I have been programming since I was around 5 years old. It all started when my grandmother, your typical conservative southern christian with this spontaneous liberal streak that comes from out of the middle-of-fucking nowhere, bought one of the first consumer computers put on the market: the ole so lovely TRS-80. This computer, in short, was just a keyboard (the computer part was in the keyboard) that you plugged into a television set. It had no disk drives to speak of, no real operating system, and when you turned it on, it just gave you a BASIC prompt (on that god-awful, eye scorching green background). It did however, have a tape recorder that you could use to save your data onto (using an audio cassette tape). Which of course you did, because after typing on the TRS-80 for more than an hour you inevitably ran out of memory. The TRS-80 only had 4 KB of RAM.

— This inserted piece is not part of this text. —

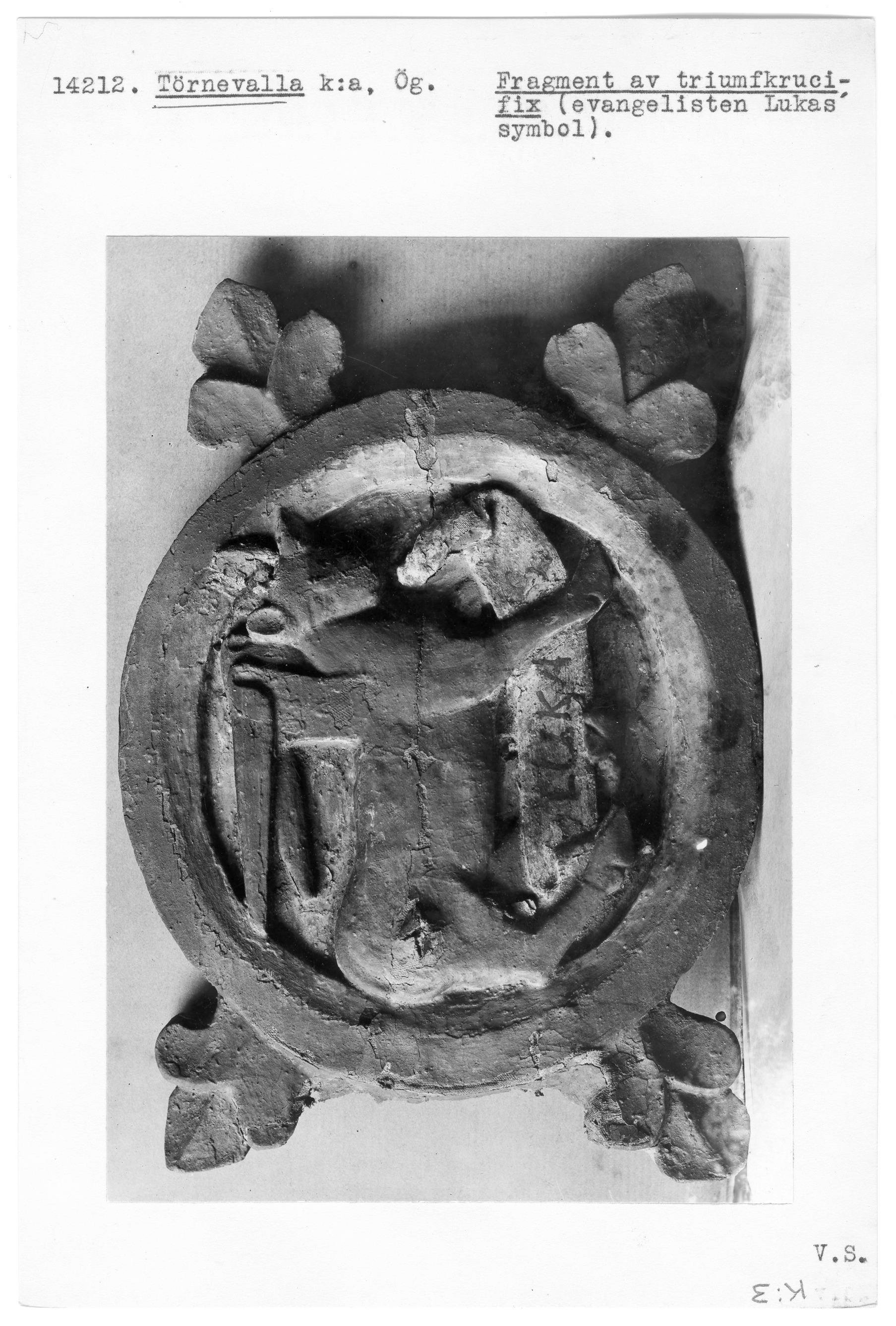 14212: \ Östergötland \ Törnevalla k:a, Ög. \ Fragment av triumfkrucifix (evangelisten Lukas´ symbol) \ Medeltid

Side note: I am still fascinated by the tape recorder because essentially, the technology was the foundation for the modem, thus bulletin board services, message boards, thus the Internet, email, thus ADSL, eventually fiber, and this whole ridiculous networked world we live in now. It was technology way before its time. Computers could talk from the time computers hit the store shelves.

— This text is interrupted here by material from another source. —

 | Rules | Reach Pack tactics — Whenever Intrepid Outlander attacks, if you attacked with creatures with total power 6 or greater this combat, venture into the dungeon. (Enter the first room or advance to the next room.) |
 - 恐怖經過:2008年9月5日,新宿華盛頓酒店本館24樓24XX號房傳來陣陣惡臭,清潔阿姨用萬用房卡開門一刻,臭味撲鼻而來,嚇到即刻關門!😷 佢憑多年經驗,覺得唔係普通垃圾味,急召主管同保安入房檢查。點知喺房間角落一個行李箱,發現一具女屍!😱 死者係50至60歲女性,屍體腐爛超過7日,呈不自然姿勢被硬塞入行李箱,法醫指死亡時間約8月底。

So, being that the green screen got boring rather quickly, I started entering the programs from the book it came with line for line, running them, and staying impressed for like five minuets before I just moved on to the next program. Before I knew it I was done with the entire book — and was bored again. So I started fiddling. I found I could change text in programs to make it say raunchy things (well, raunchy for a 5 year-old). Before I knew it, I was making my own programs.

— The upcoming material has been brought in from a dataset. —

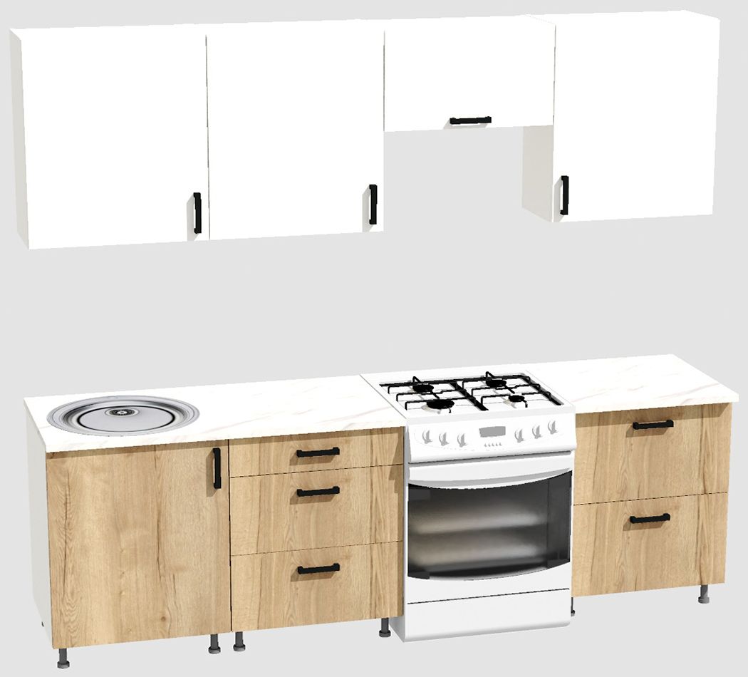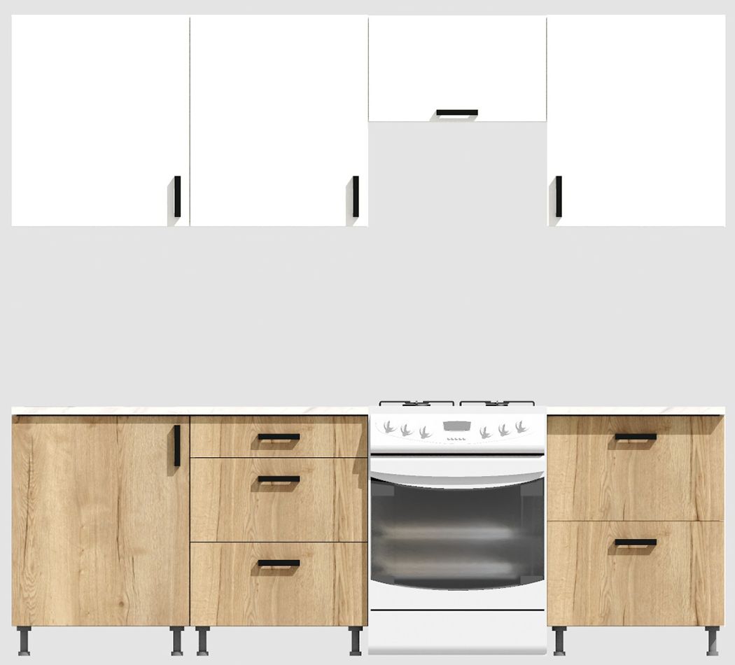КорпусЛДСП 16 мм. Цвет БелыйФасадыЛДСПЦвет верхних фасадовБелыйЦвет нижних фасадовДуб ВотанРучкиЧерныеТолщина столешницы26 мм.ПетлиБез доводчиковНаправляющие ящиковШариковые без доводчиковЦвет столешницыБелый камень

My brother would sit down with me and a piece of graph paper and he would draw out a grid for a text-based adventure game. He would mark out where the bottomless pits and monsters would be, where the doors would be, the keys, and I would just sit back nodding my head at his creative genius. 30 minuets to an hour later we would have our game, I would save it on tape, and if we were really, really lucky, we could even load it back in and play it again. Those tapes were notoriously bad for losing data.
One more quick tangent: I found out later that I had reversed all the “East” and “West” commands in the games we made so the programs were essentially a mirror image of what my brother designed. In other words, I could program in BASIC, but the whole “East/West” thing? No, too much.
Inevitably this story will continue, to the detriment of all three of you reading.